Aiden polished off the few remaining Nar’esh and slipped the sword back in its scabbard. “Everyone okay?” Breathless, they nodded. Oliver leaned on his staff and eyed the décor of the room. The statue he’d used to drive the Nar’esh back wasn’t alone. Several, fashioned from gold or from stone, from bronze or from silver, portrayed the same minotaur with eyes stitched shut.

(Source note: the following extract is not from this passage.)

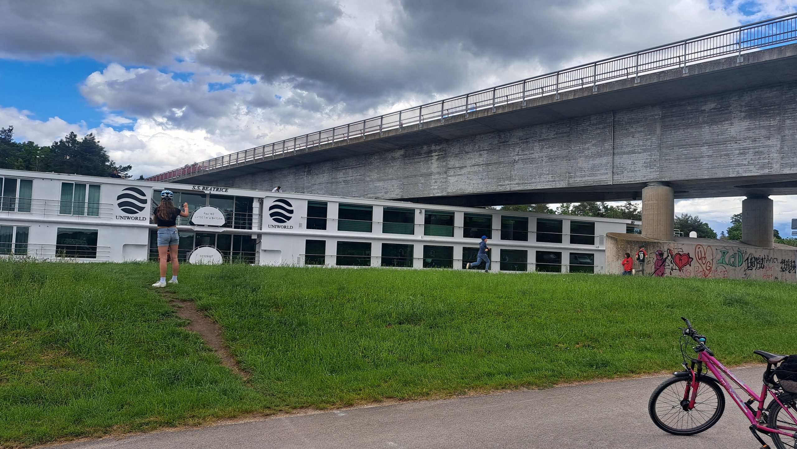19.Mai 2024: heute sollte es Erdbeeren mit Sahne geben. Sahne hatten wir dabei… Erdbeeren wollten wir von einem nahegelegenen, etwa 7km entfernten, Erdbeerfeld holen. Leider waren die Erdbeeren noch grün und wir mussten unterrichtete Dinge zurück radeln….mit einem Stopp an einer Eisdiele in Hilpholtstein. Unterwegs haben wir noch einen Abstecher an den Donau-Mosel-Kanal gemacht und zugeschaut, wie ein Flußkreuzfahrtschiff unter einer Autobahnbrücke hindurchfuhr. Die Passagiere auf dem Oberdeck mußten die Köpfe einziehen! Anschliessend: ein Bier auf dem CP.

It held the same stave. Atop the stave, a grizzly ornate human skull rested. “What is that thing?” Erica asked. “I’d say a minotaur,” Lauren said. “An abomination,” Ullwen said. “The dwarves turned their hearts from Adonai and to this, whatever it is.” “They worshiped this thing?” Aiden asked. “Sure looks like it,” Oliver said. His heart broke. So much time had gone into the crafting of such idols, so much craftsmanship and care. They were works of art, but the artists’ heart had been in the wrong place. How could they turn from their creator to such an atrocity, from something as beautiful as Adonai, to something as twisted as a man-bull. “Why’d they want to worship something so ugly?” Erica sneered, eyeing a four-foot tall statue. “Power,” Ullwen said. “They felt as if Adonai had turned His back on them. This abomination must have promised them power, a return to prominence in Alrujah.” The sadness in Oliver’s heart turned slowly, transformed into irritation, to a righteous anger. The dwarves were a long-lived people, a people of patience. How could they turn their backs on Adonai? How could they be so impatient? He curled his lip, knocked the standing idols on their faces. “Smash them,” he said.